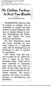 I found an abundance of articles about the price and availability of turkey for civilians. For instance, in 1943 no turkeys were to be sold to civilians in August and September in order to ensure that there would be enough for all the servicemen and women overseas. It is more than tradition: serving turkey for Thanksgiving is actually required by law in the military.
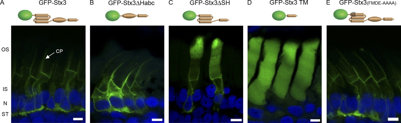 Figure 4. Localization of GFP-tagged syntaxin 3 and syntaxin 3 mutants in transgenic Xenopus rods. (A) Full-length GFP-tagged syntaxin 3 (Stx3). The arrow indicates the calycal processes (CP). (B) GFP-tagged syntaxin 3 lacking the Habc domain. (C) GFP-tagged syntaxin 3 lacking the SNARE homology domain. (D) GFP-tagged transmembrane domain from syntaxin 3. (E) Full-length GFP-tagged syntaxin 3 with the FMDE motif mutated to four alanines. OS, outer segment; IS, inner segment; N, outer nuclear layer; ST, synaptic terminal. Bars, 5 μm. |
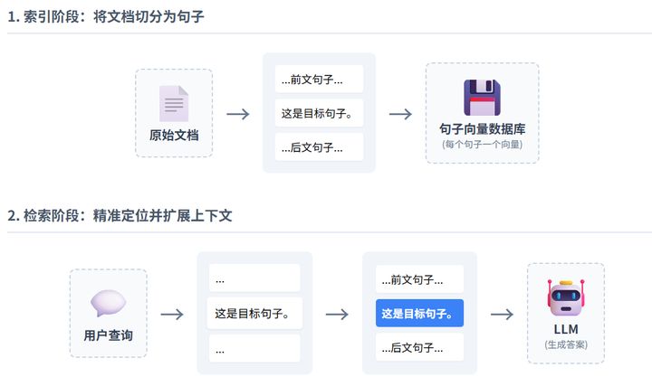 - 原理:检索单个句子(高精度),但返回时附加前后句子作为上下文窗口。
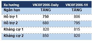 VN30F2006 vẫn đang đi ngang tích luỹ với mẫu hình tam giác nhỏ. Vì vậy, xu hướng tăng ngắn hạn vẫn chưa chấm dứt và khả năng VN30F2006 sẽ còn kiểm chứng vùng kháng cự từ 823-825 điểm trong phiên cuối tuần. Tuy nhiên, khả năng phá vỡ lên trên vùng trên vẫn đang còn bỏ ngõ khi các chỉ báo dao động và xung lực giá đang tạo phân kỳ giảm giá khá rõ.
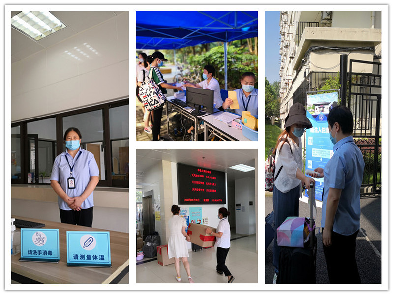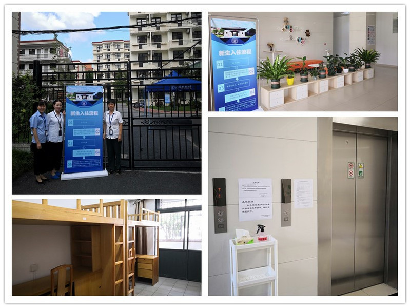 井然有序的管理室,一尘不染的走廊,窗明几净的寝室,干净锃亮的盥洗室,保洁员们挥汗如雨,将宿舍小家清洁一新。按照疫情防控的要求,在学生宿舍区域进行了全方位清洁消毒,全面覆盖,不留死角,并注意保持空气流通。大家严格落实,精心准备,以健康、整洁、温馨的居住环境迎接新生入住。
==*==
Every line above must appear in the answer unchanged, and no picture may appear in it.

 I found an abundance of articles about the price and availability of turkey for civilians. For instance, in 1943 no turkeys were to be sold to civilians in August and September in order to ensure that there would be enough for all the servicemen and women overseas. It is more than tradition: serving turkey for Thanksgiving is actually required by law in the military.
 Figure 4. Localization of GFP-tagged syntaxin 3 and syntaxin 3 mutants in transgenic Xenopus rods. (A) Full-length GFP-tagged syntaxin 3 (Stx3). The arrow indicates the calycal processes (CP). (B) GFP-tagged syntaxin 3 lacking the Habc domain. (C) GFP-tagged syntaxin 3 lacking the SNARE homology domain. (D) GFP-tagged transmembrane domain from syntaxin 3. (E) Full-length GFP-tagged syntaxin 3 with the FMDE motif mutated to four alanines. OS, outer segment; IS, inner segment; N, outer nuclear layer; ST, synaptic terminal. Bars, 5 μm. |
 - 原理:检索单个句子(高精度),但返回时附加前后句子作为上下文窗口。
 VN30F2006 vẫn đang đi ngang tích luỹ với mẫu hình tam giác nhỏ. Vì vậy, xu hướng tăng ngắn hạn vẫn chưa chấm dứt và khả năng VN30F2006 sẽ còn kiểm chứng vùng kháng cự từ 823-825 điểm trong phiên cuối tuần. Tuy nhiên, khả năng phá vỡ lên trên vùng trên vẫn đang còn bỏ ngõ khi các chỉ báo dao động và xung lực giá đang tạo phân kỳ giảm giá khá rõ.
 井然有序的管理室,一尘不染的走廊,窗明几净的寝室,干净锃亮的盥洗室,保洁员们挥汗如雨,将宿舍小家清洁一新。按照疫情防控的要求,在学生宿舍区域进行了全方位清洁消毒,全面覆盖,不留死角,并注意保持空气流通。大家严格落实,精心准备,以健康、整洁、温馨的居住环境迎接新生入住。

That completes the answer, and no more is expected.